§ **EXERCISE**:
Please write out the entire listing below exactly, excluding its pictures.

§ **PROVIDED MATERIAL**:
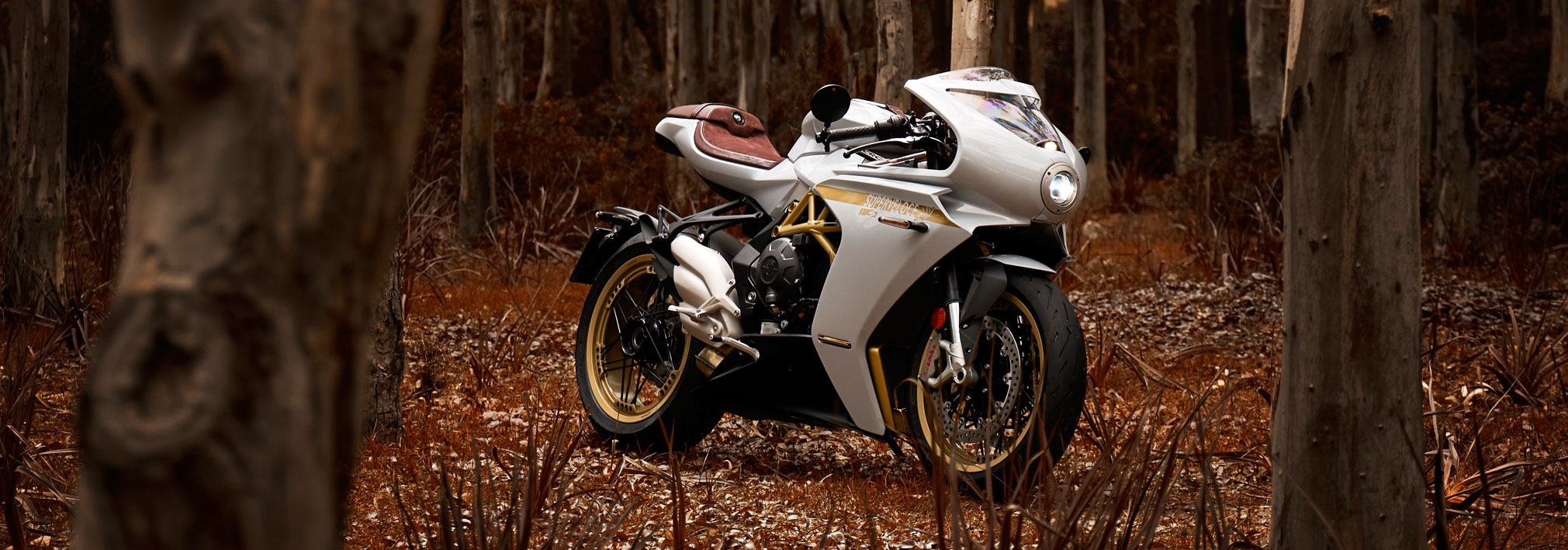 The first colour variant implies MV Agusta classic corporate colours, Ago Red and Ago Silver, relating to the first racing motorcycles developed by MV Agusta that dominated the Gran Prix racing scene for years. The gold wheels and frame details are inspired by the thoroughbred Italian racing machines from the past to create a rich distinctive, personalised feel far beyond the average production of motorcycle.
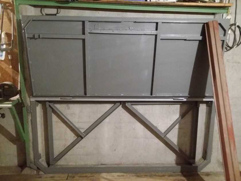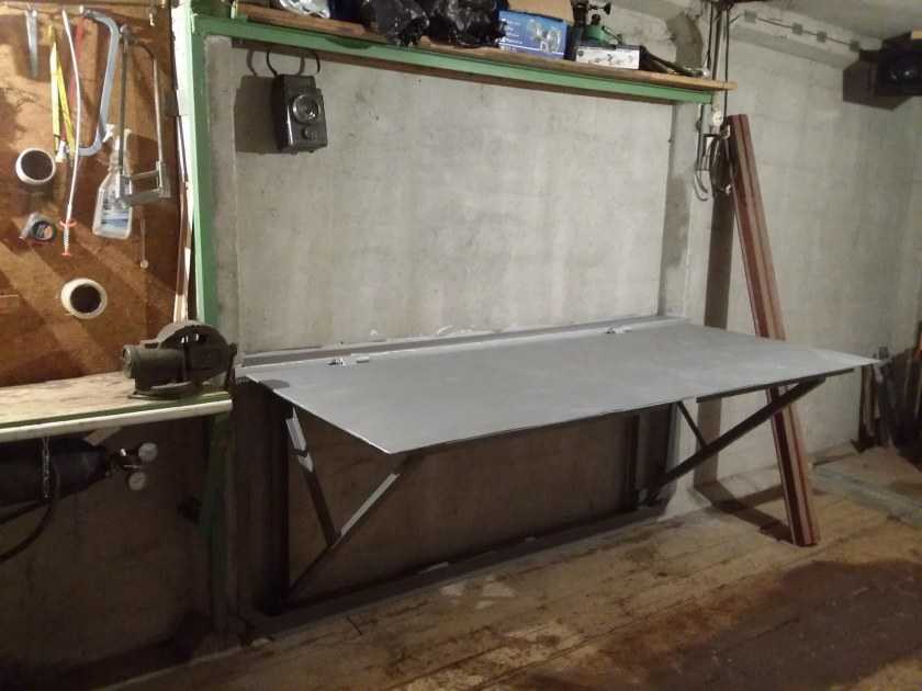 Отличный вариант самоделки своими руками в гараж – стол со складывающейся столешницей. Лучше всего делать столешницу навесной конфигурации. Это идеальное решение для компактного помещения. Стол можно использовать в качестве рабочего места.
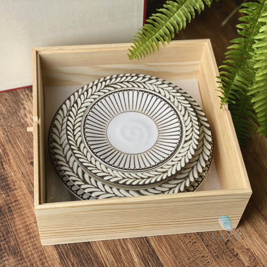小糖瓷|日本製 [預購/限量] 粉引菊割葉紋盤四入組禮盒/附牛皮紙提袋

§ **RESULT OF THIS EXERCISE**:
 The first colour variant implies MV Agusta classic corporate colours, Ago Red and Ago Silver, relating to the first racing motorcycles developed by MV Agusta that dominated the Gran Prix racing scene for years. The gold wheels and frame details are inspired by the thoroughbred Italian racing machines from the past to create a rich distinctive, personalised feel far beyond the average production of motorcycle.
 Отличный вариант самоделки своими руками в гараж – стол со складывающейся столешницей. Лучше всего делать столешницу навесной конфигурации. Это идеальное решение для компактного помещения. Стол можно использовать в качестве рабочего места.
小糖瓷|日本製 [預購/限量] 粉引菊割葉紋盤四入組禮盒/附牛皮紙提袋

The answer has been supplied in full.